• [DATA IN THIS EXERCISE]
┄┄┄┄┄┄

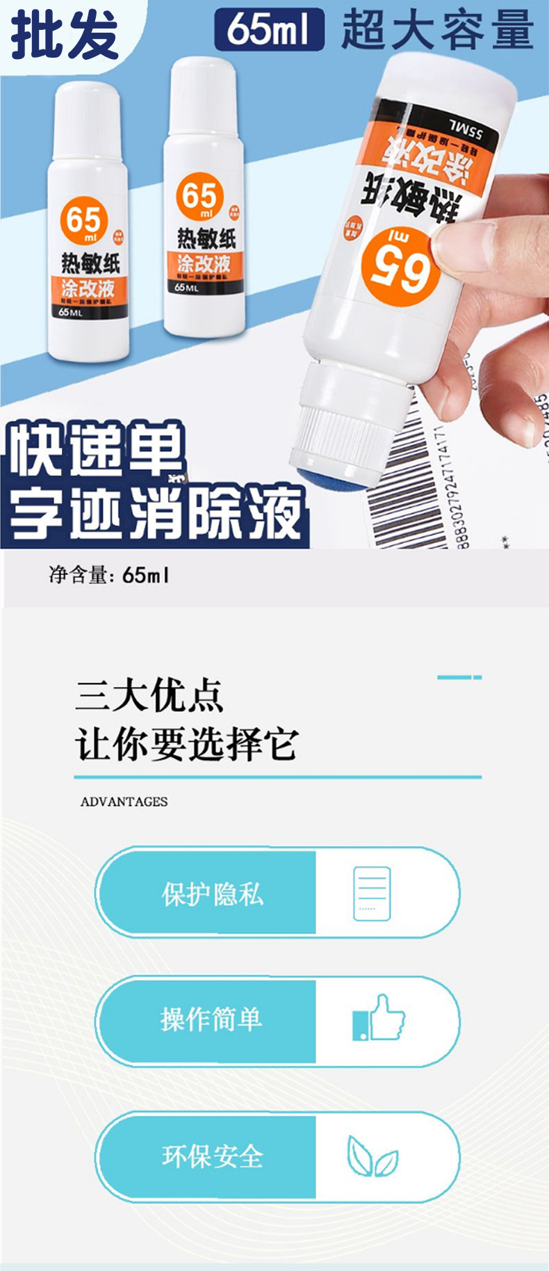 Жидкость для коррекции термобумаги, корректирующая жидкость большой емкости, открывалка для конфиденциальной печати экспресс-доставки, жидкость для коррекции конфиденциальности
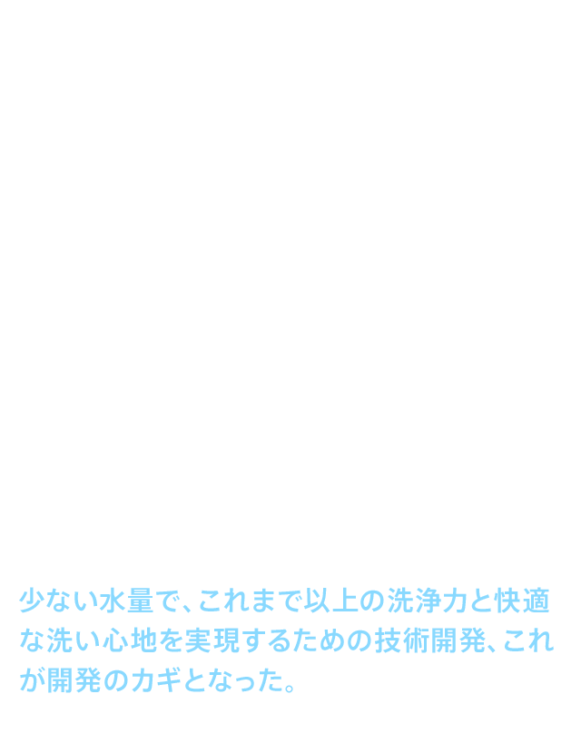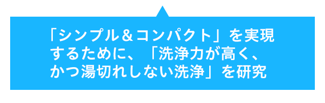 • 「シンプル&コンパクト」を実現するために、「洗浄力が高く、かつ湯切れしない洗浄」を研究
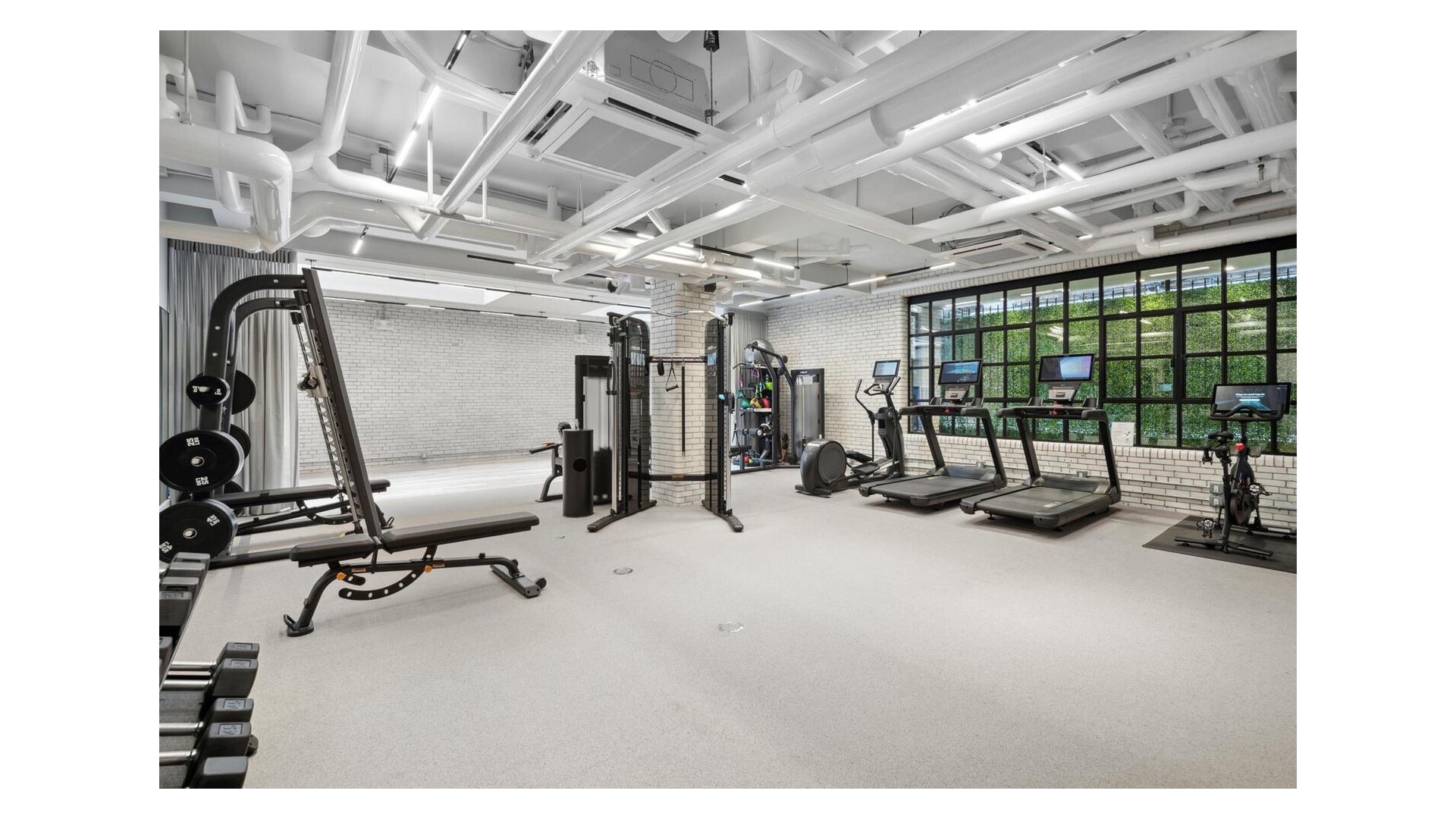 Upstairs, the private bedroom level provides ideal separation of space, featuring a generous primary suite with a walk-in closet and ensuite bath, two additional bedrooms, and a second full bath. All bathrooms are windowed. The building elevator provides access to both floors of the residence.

┄┄┄┄┄┄

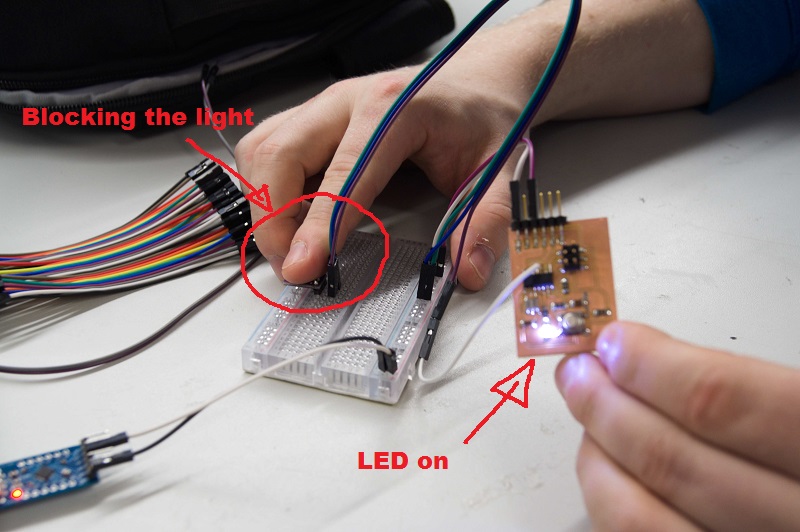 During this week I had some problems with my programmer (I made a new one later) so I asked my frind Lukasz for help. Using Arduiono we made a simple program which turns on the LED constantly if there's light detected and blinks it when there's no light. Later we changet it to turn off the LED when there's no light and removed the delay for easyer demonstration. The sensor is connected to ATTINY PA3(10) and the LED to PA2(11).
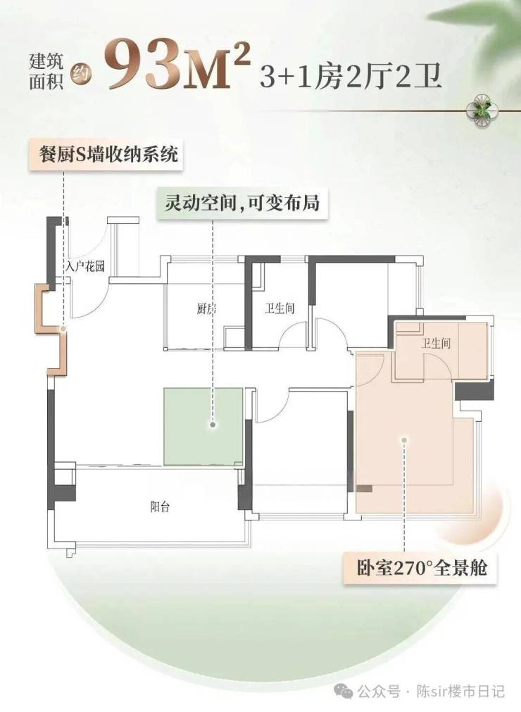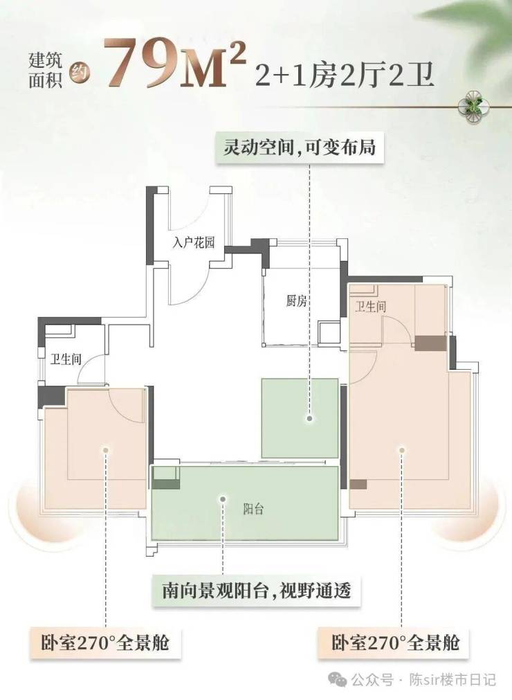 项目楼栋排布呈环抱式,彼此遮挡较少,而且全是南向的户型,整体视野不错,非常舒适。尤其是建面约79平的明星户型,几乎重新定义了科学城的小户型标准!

┄┄┄┄┄┄

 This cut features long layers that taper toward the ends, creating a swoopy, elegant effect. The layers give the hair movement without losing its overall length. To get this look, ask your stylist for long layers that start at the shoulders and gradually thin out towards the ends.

┄┄┄┄┄┄

• [THE TASK] Could you transcribe exactly the entries above, but only the lines from the one with "Жидкость для коррекции термобумаги, корректирующая" through the one with "Upstairs, the private", and without pictures?

• [ANSWER SPACE]
 Жидкость для коррекции термобумаги, корректирующая жидкость большой емкости, открывалка для конфиденциальной печати экспресс-доставки, жидкость для коррекции конфиденциальности
 • 「シンプル&コンパクト」を実現するために、「洗浄力が高く、かつ湯切れしない洗浄」を研究
 Upstairs, the private bedroom level provides ideal separation of space, featuring a generous primary suite with a walk-in closet and ensuite bath, two additional bedrooms, and a second full bath. All bathrooms are windowed. The building elevator provides access to both floors of the residence.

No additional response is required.